Discovering why study groups are more effective

Studying in groups helps students learn more effectively. More than 20 years of academic research has consistently demonstrated that fact.

But what exactly is it about studying with other people that makes it so effective?

An expert in creativity and everyday conversation has identified two key patterns that help make studying in groups an effective way to learn.
An expert in creativity and everyday conversation has identified two key patterns that help make studying in groups an effective way to learn.

Through painstaking research, an expert in creativity and everyday conversation at Washington University in St. Louis has identified two patterns of group dynamics that show why group study is optimal.

The research is published in the June 2005 issue of Linguistics and Education, an international research journal.

“A large number of college students get together and form study groups, even when they aren’t required by their professor,” says R. Keith Sawyer, Ph.D., associate professor of education in Arts & Sciences at Washington University. “We wanted to determine exactly why that was the case and why they seem to work so well.”

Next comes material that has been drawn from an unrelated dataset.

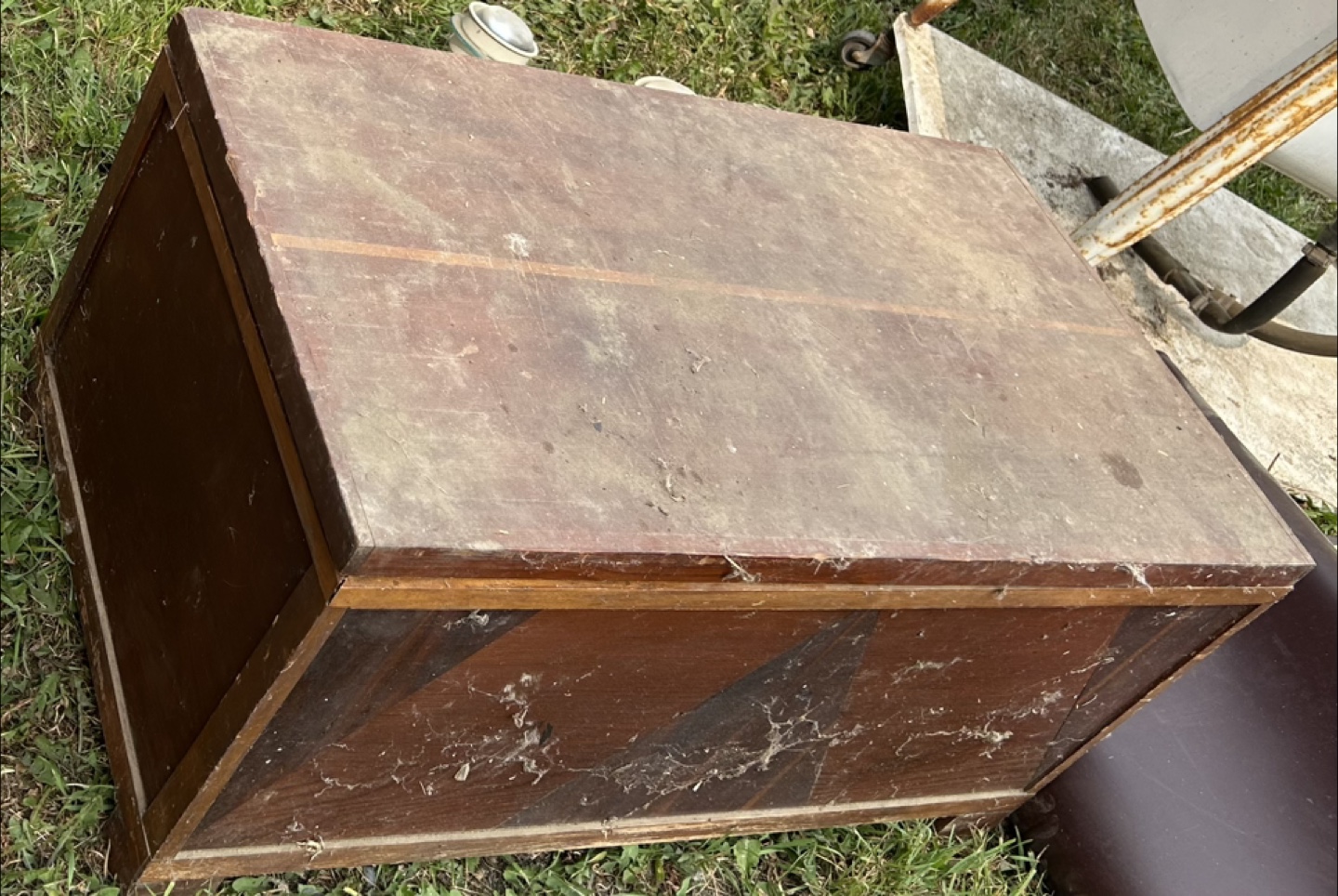 Selling a vintage wooden storage box! It has a unique design and a lot of character. Perfect for storing blankets, toys, or anything else you need to keep organized. It's a solid piece that would look great in any home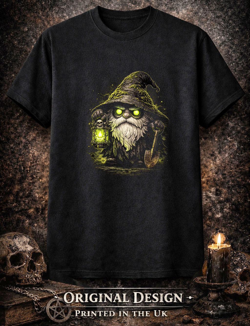 A sinister gravedigger gnome stalks the shadows, lantern glowing sickly green as it illuminates fresh earth and old bones. With one hand clutching a shovel and the other a skull-lit lantern, this dark fantasy gnome feels like a guardian of forgotten graves—ancient, patient, and unafraid of the dead. His glowing eyes burn through the gloom, beard tangled with moss and soil, as if he’s crawled straight from the cemetery itself. Blending gothic folklore, eerie woodland magic, and graveyard menace, this design captures the quiet terror of a night-watch gnome, keeper of secrets buried deep beneath the soil.

Decades of research by educational psychologists has shown that when students work together in collaborative teams in classrooms, they learn material better than when they sit alone at their desks. But no one had extended those studies to study groups outside the classroom.

In the first scholarly study of such study groups, Sawyer, along with a former undergraduate student, videotaped and analyzed a study group for an undergraduate psychology course at the university. The group consisted of four students who got together in advance of each exam to study their lecture notes.

Sawyer mapped out each nuance of their conversations including pauses, breaths, interruptions, glances and each “uhm” and “yeah.” The time-consuming process unveiled many details and features of conversation that normally would go unnoticed.

It’s in the gaze

Sawyer identified two patterns of conversation among the group that made it an effective learning tool.

“A lot of our findings were based on the fact that the four students each had a notebook with them during the group study session,” says Sawyer. “A lot of times they were looking at their notebooks while one of them was talking. They don’t look down all the time — they were constantly looking down and back up.”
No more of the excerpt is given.